Add a 30-second polling loop after flush_pg_stats to wait for PG log
and duplicate entries to be trimmed to their expected sizes before
validation. This addresses timing issues where the test was inspecting
the objectstore before log trimming operations completed.
The loop polls 'ceph pg query' to check both log and dups lengths,
breaking when both reach or fall below expected thresholds.

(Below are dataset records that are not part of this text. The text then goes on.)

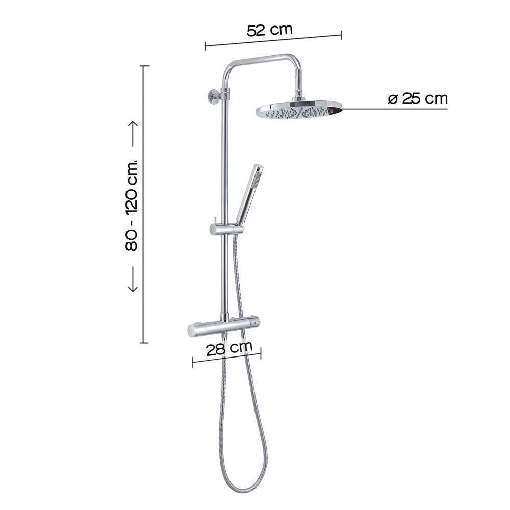 - Colonna doccia estensibile 80-120 cm; - Miscelatore termostato; - Soffione doccia 1 getto Ø 25 cm; - Doccetta 1 getto; - Flessibile inox 150 cm doppia aggraffatura 1/2"x1/2" con attacco conico antitorsione. Dimensioni minime: 28 x 52 x 100 cm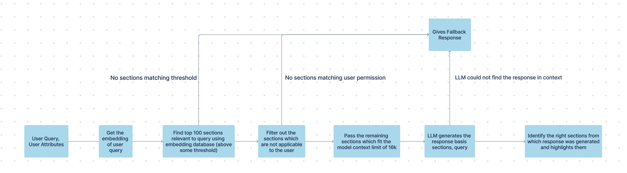 - Once a match is confirmed (while also considering user permissions), the response linked to that question is shown.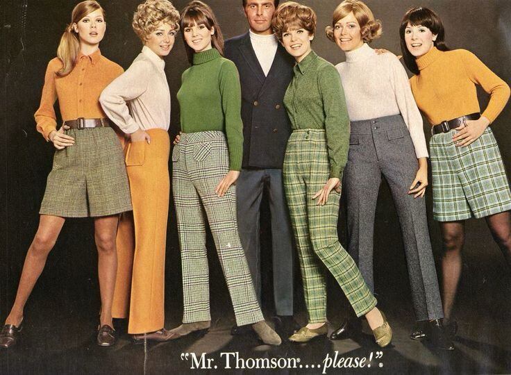 A principios de los 60, los vestidos de silueta recta y los trajes bien estructurados dominaban el panorama. Pero con la llegada del movimiento juvenil, la moda se volvió más audaz. Minifaldas, estampados psicodélicos y colores vibrantes se convirtieron en el símbolo de la nueva generación. La influencia hippie también dejó su huella con prendas holgadas, flecos y patrones florales.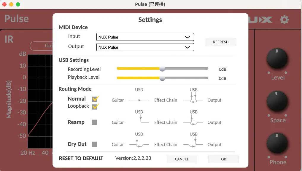 Pulse IR-Loader предлагает схемы True-bypass и Buffer-bypass (Trails), просто удерживайте переключатель, чтобы включить педаль (не подключайте USB). Индикатор ножного переключателя покажет вам состояние схемы обхода. (Если при загрузке педали индикатор FS мигает "зеленым" = BF, "красным" = TB.)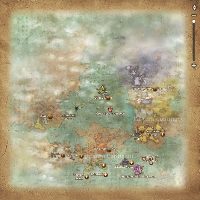 The world of Blade and Soul, is a vast extension of land containing two continents (the Southern Continent and the Eastern Continent) with four major zones: Viridian Coast, The Cinderlands, Moonwater Plains and Silverfrost Mountains. Each Zone is further divided into numerous Regions, and each Region contains multiple locations and dungeons. A dungeon is usually accompanied with a Dragonspire. Locations may be Villages, Mills, Posts, Camps, Tradeposts and so on, and will usually have its own Windstride.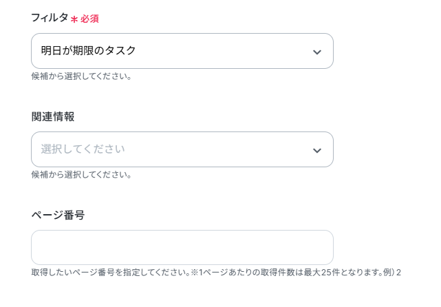 スケジュールのトリガー設定では、フローを起動したい曜日や時刻を任意で設定してください Freshsalesの「タスクの検索」オペレーションでは、期日が明日になっているタスクを検索するよう条件を設定しますが、必要に応じて担当者やステータスなどの条件を追加することも可能です Slackの「チャンネルにメッセージを送る」オペレーションでは、通知を届けたい任意のチャンネルIDを指定してください ■注意事項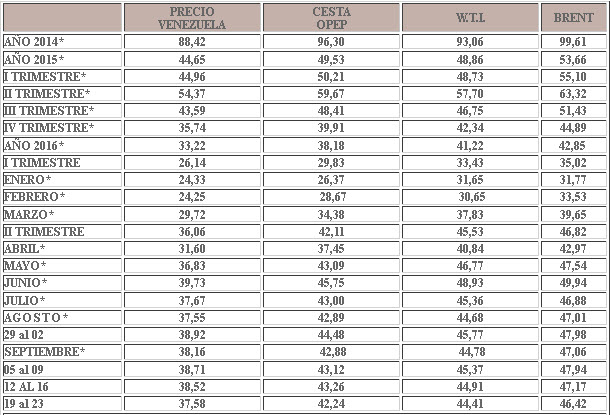 Según el reporte semanal del Ministerio de Petróleo y Minería, el crudo nacional perdió 94 centavos de dólar entre los días 19 y 23 de septiembre.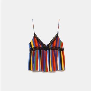 Zara Multicolor Rainbow Stripe Lace V-neck Spaghetti Strap Crop Cami Tank Top S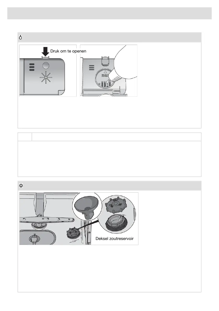 1. Open het deksel van het glansspoelmiddelbakje.

This
prevents spurious test failures on varied teuthology machines where log
trimming happens at different speed after recovery completes.
Solves intermittent failures where logs showed 50 entries instead of
expected 2, and dups showed 7 instead of expected 8.
Fixes: https://tracker.ceph.com/issues/74524
Signed-off-by: Kamoltat (Junior) Sirivadhna <ksirivad@redhat.com>
flush_pg_stats
+ # Wait for log and dups to reach expected sizes (trimming may take time)
+ TIMEOUT=30
+ count=0
+ while true; do
+ current_log_len=$(ceph pg 1.0 query 2>/dev/null | jq '.info.stats.log_size' 2>/dev/null || echo "999")
+ current_dups_len=$(ceph pg 1.0 query 2>/dev/null | jq '.info.stats.log_dups_size' 2>/dev/null || echo "999")
+
+ if [ "$current_log_len" -le "$loglen" ] && [ "$current_dups_len" -le "$dupslen" ]; then
+ echo "Log trimming complete: log=$current_log_len (expected <=$loglen), dups=$current_dups_len (expected <=$dupslen)"
+ break
+ fi
+
+ sleep 1
+ count=$((count + 1))
+ if [ $count -gt $TIMEOUT ]; then
+ echo "WARNING: Log trimming timeout after ${TIMEOUT}s - log=$current_log_len (expected <=$loglen), dups=$current_dups_len (expected <=$dupslen)"
+ break
+ fi
+ done
+
newprimary=$(ceph pg dump pgs --format=json | jq '.pg_stats[0].up_primary')
kill_daemons